Your instructions
Please output all of the entries exactly and omit any images they hold.

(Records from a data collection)
··········

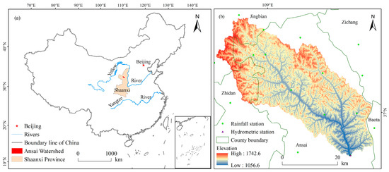 The study area: (a) The geographical location of the Ansai Watershed; (b) The elevation, rainfall and hydrometric stations distribution in the Ansai Watershed.
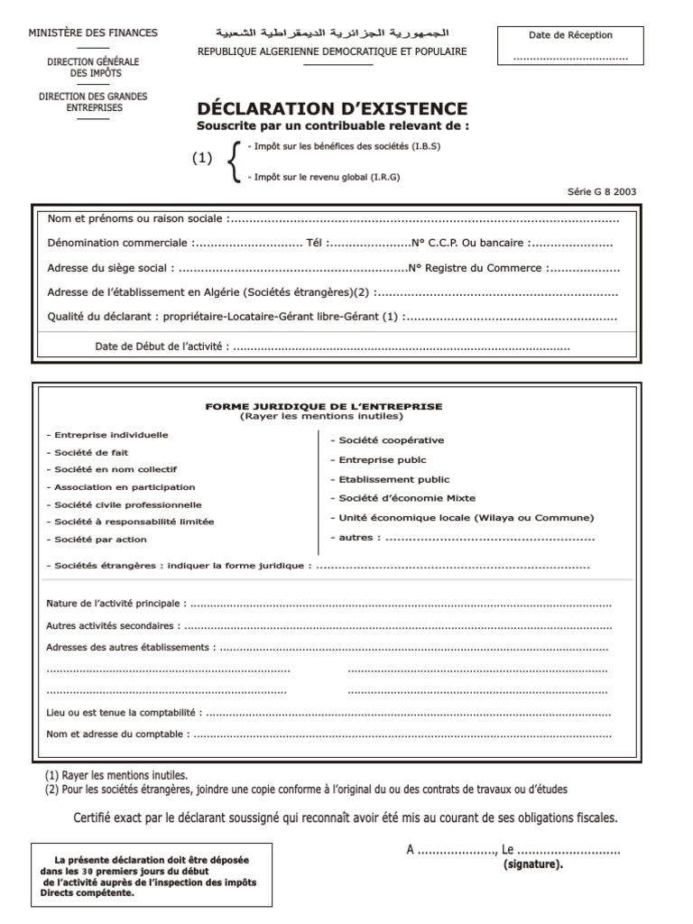 MINISTÈRE DES FINANCES اﻟﺠﻤﻬﻮﺭﻳﺔ اﻟﺠﺰاﺋﺮﻳﺔ اﻟﺪﻳﻤﻘﺮاﻃﻴﺔ اﻟﺸﻌﺒﻴﺔ Date de Réception
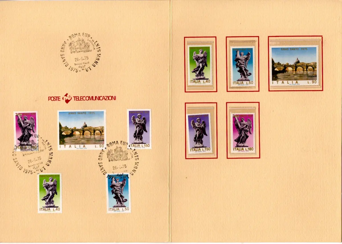 Gebraucht - Vorläuferfolder 1975 - Heiliges Jahr - Ausgestellt von der italienischen Post anlässlich des Heiligen Jahres 1975 - Enthält die neu ausgegebene Briefmarkenserie und neben der Serie mit abgebildetem Stempel Rom EUR (Katalog Typ P7) - Selten - Für Spezialisten Cod. 4007 / WEB
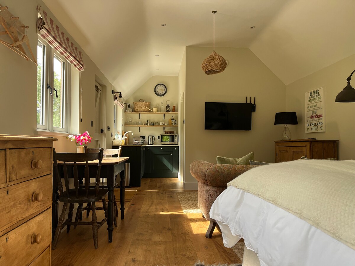 A self-contained, first floor barn room in our peaceful cottage garden. Off-road parking. Double bed, ensuite, a small kitchen & living area give plenty of space to relax & enjoy the views. Continental breakfast items included. Podpoint EV charger. One hour from London by road & train, between Petersfield & Sth Harting & ideally situated for events @ the Tithe Barn, Goodwood, Cowdray & for walkers or ferries. Longer term lets available.
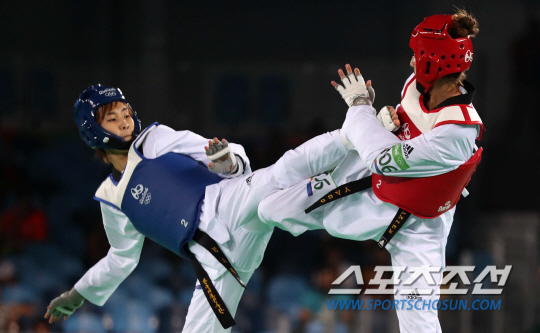 태권도 한국 대표 김소희가 17일 오전(현지시간) 브라질 리우데자네이루 바하 올림픽파크 카리오카 경기장3에서 열린 2016리우데자네이루 올림픽 태권도 여자 -49kg급 4강전에서 프랑스의 아지에즈 야스민스와 대결하고 있다. 김소희는 연장전에서 승리해 결승진출을 확정했다. 2016.8.17./리우데자네이루=올림픽사진공동취재단 F
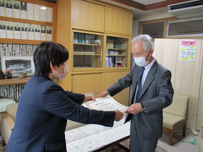 松浦教育長様より笹部様に表彰状が手渡され ました。 |
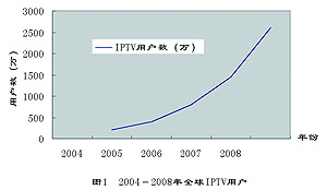 圖1 2004-2008年全球IPTV用戶發(fā)展預測
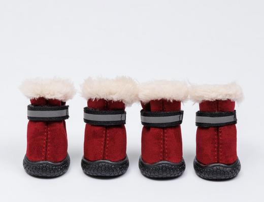 Petmax Ботинки с мехом для собак, M, малиновые

··········

Answer area
 The study area: (a) The geographical location of the Ansai Watershed; (b) The elevation, rainfall and hydrometric stations distribution in the Ansai Watershed.
 MINISTÈRE DES FINANCES اﻟﺠﻤﻬﻮﺭﻳﺔ اﻟﺠﺰاﺋﺮﻳﺔ اﻟﺪﻳﻤﻘﺮاﻃﻴﺔ اﻟﺸﻌﺒﻴﺔ Date de Réception
 Gebraucht - Vorläuferfolder 1975 - Heiliges Jahr - Ausgestellt von der italienischen Post anlässlich des Heiligen Jahres 1975 - Enthält die neu ausgegebene Briefmarkenserie und neben der Serie mit abgebildetem Stempel Rom EUR (Katalog Typ P7) - Selten - Für Spezialisten Cod. 4007 / WEB
 A self-contained, first floor barn room in our peaceful cottage garden. Off-road parking. Double bed, ensuite, a small kitchen & living area give plenty of space to relax & enjoy the views. Continental breakfast items included. Podpoint EV charger. One hour from London by road & train, between Petersfield & Sth Harting & ideally situated for events @ the Tithe Barn, Goodwood, Cowdray & for walkers or ferries. Longer term lets available.
 태권도 한국 대표 김소희가 17일 오전(현지시간) 브라질 리우데자네이루 바하 올림픽파크 카리오카 경기장3에서 열린 2016리우데자네이루 올림픽 태권도 여자 -49kg급 4강전에서 프랑스의 아지에즈 야스민스와 대결하고 있다. 김소희는 연장전에서 승리해 결승진출을 확정했다. 2016.8.17./리우데자네이루=올림픽사진공동취재단 F
 松浦教育長様より笹部様に表彰状が手渡され ました。 |
 圖1 2004-2008年全球IPTV用戶發(fā)展預測
 Petmax Ботинки с мехом для собак, M, малиновые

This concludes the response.